RAW DATA START

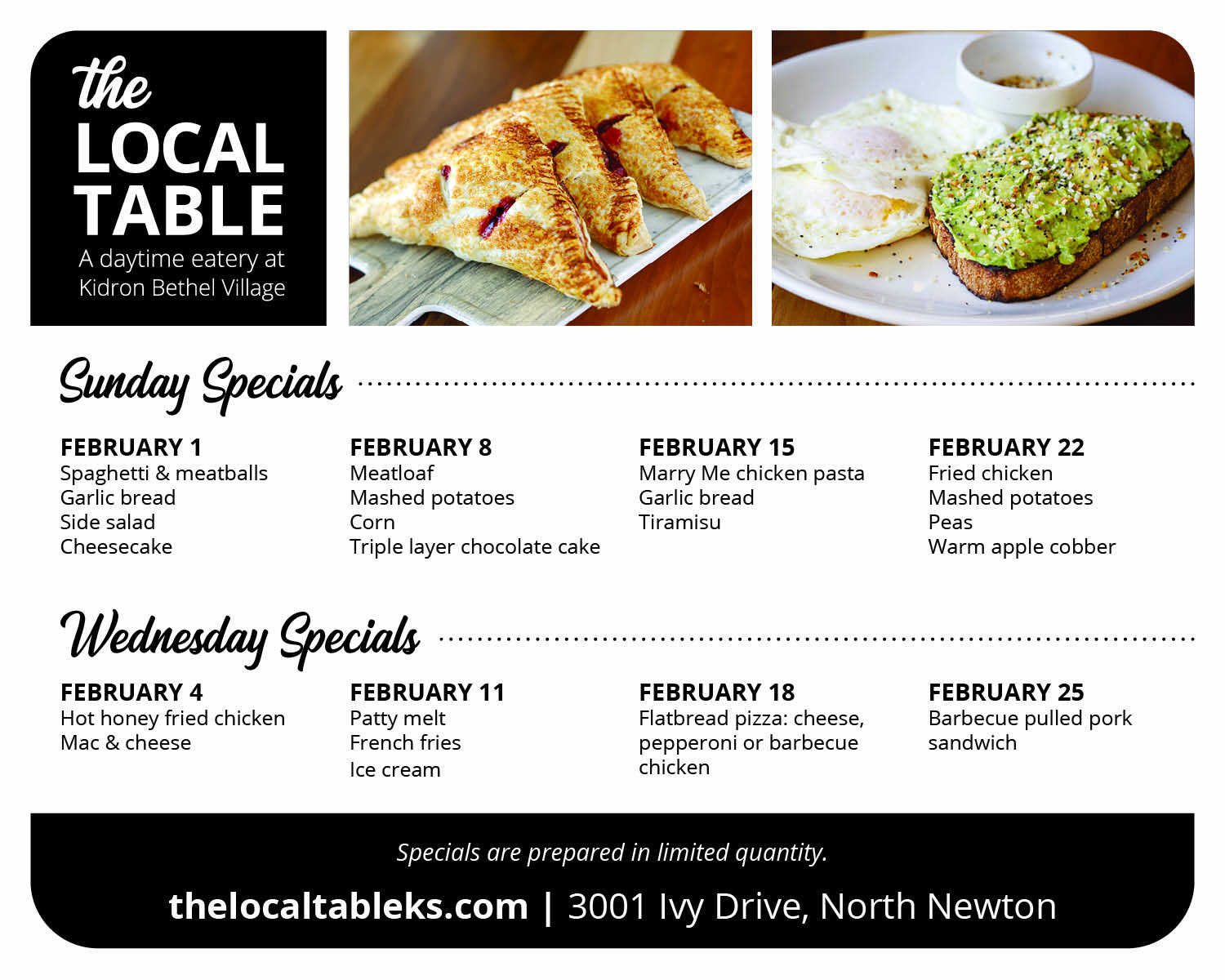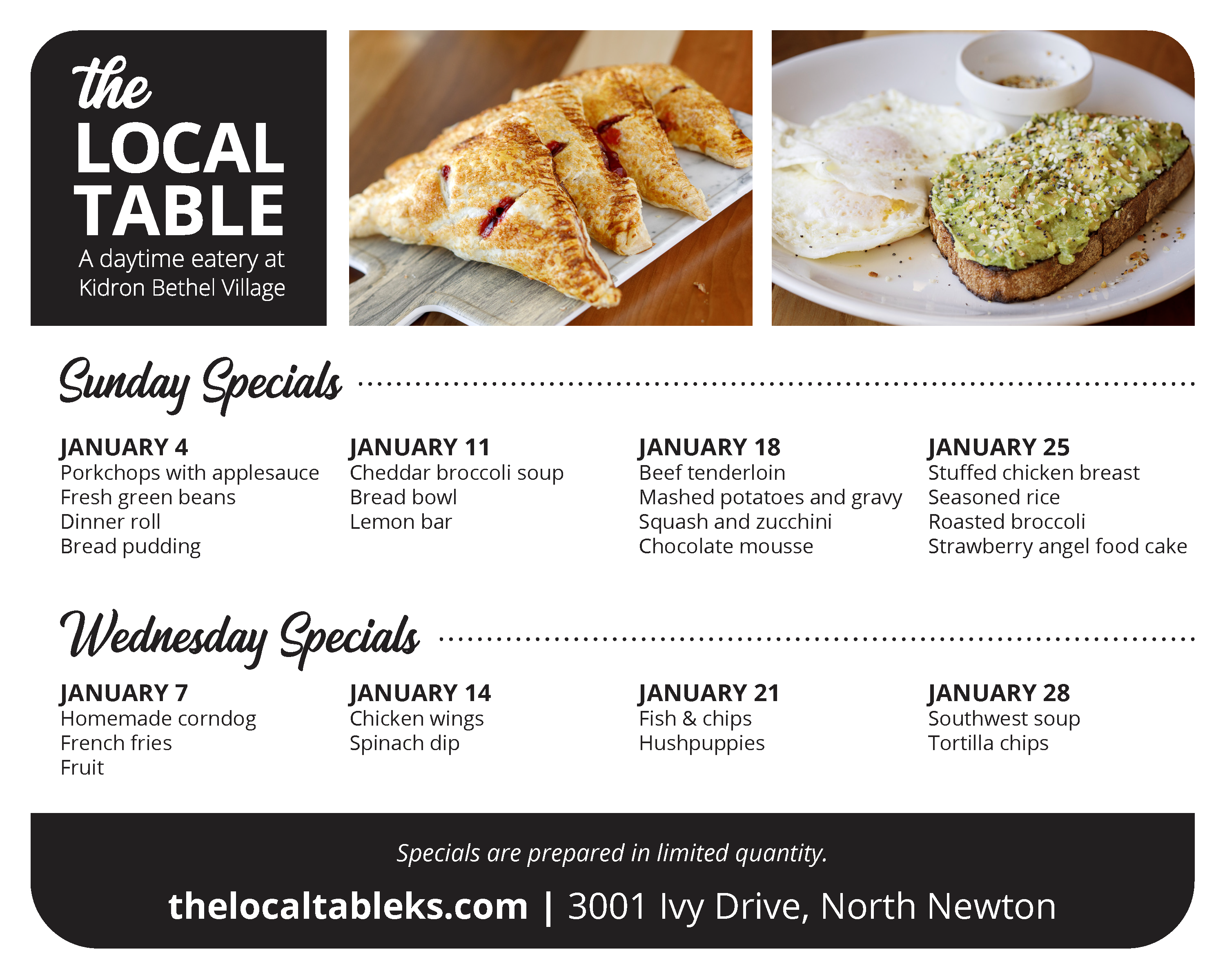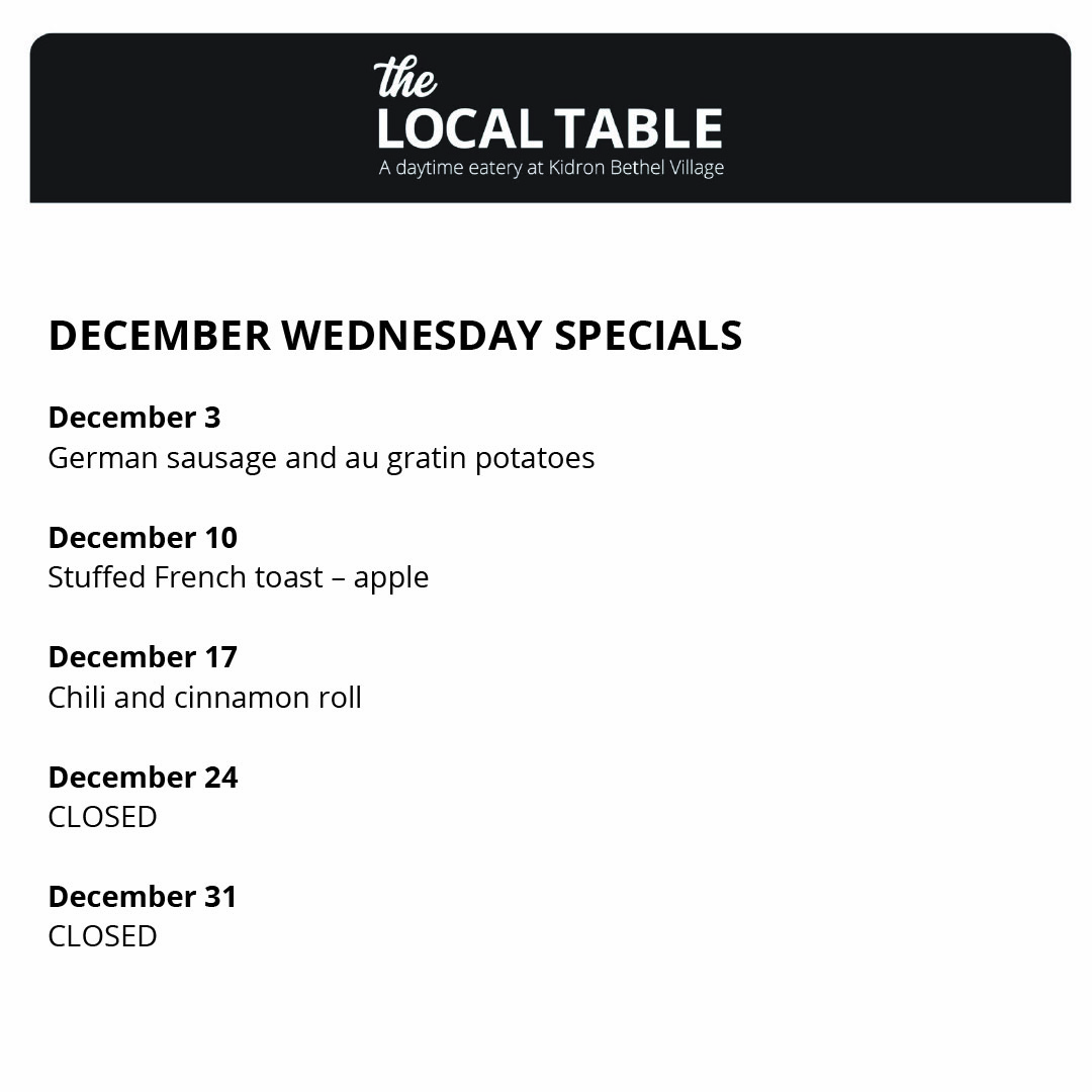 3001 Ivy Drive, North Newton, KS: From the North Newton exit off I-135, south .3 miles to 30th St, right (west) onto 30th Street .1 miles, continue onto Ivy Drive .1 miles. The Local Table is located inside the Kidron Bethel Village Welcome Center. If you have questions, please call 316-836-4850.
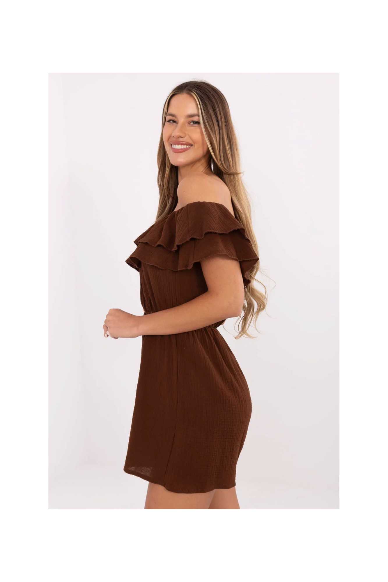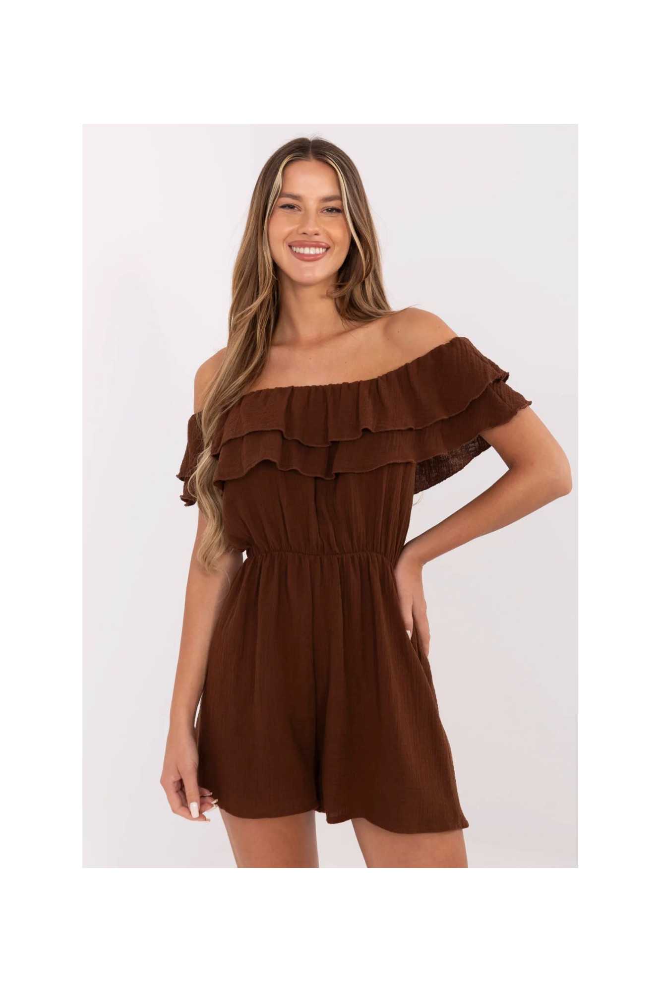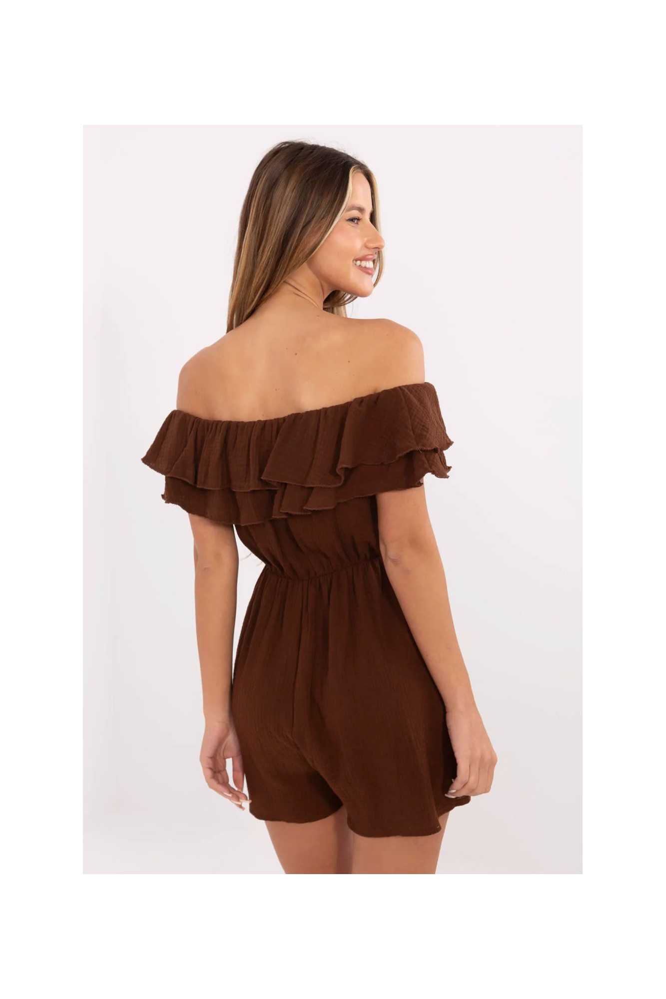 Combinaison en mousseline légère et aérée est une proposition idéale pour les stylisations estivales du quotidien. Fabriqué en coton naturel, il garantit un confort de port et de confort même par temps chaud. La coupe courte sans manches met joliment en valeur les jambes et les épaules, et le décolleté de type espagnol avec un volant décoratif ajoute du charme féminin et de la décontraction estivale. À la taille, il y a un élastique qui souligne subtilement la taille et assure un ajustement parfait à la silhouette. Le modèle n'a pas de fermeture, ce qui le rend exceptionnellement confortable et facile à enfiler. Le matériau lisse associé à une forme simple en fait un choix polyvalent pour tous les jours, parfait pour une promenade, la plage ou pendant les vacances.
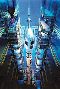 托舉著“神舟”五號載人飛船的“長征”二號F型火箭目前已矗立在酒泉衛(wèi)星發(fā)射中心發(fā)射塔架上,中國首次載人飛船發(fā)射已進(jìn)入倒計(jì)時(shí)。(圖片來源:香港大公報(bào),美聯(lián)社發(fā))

RAW DATA END

**WORK TO BE COMPLETED**
Would you copy all of the data exactly? Keep the pictures out of it.

**REPLY TO THE TASK**
 3001 Ivy Drive, North Newton, KS: From the North Newton exit off I-135, south .3 miles to 30th St, right (west) onto 30th Street .1 miles, continue onto Ivy Drive .1 miles. The Local Table is located inside the Kidron Bethel Village Welcome Center. If you have questions, please call 316-836-4850.
 Combinaison en mousseline légère et aérée est une proposition idéale pour les stylisations estivales du quotidien. Fabriqué en coton naturel, il garantit un confort de port et de confort même par temps chaud. La coupe courte sans manches met joliment en valeur les jambes et les épaules, et le décolleté de type espagnol avec un volant décoratif ajoute du charme féminin et de la décontraction estivale. À la taille, il y a un élastique qui souligne subtilement la taille et assure un ajustement parfait à la silhouette. Le modèle n'a pas de fermeture, ce qui le rend exceptionnellement confortable et facile à enfiler. Le matériau lisse associé à une forme simple en fait un choix polyvalent pour tous les jours, parfait pour une promenade, la plage ou pendant les vacances.
 托舉著“神舟”五號載人飛船的“長征”二號F型火箭目前已矗立在酒泉衛(wèi)星發(fā)射中心發(fā)射塔架上,中國首次載人飛船發(fā)射已進(jìn)入倒計(jì)時(shí)。(圖片來源:香港大公報(bào),美聯(lián)社發(fā))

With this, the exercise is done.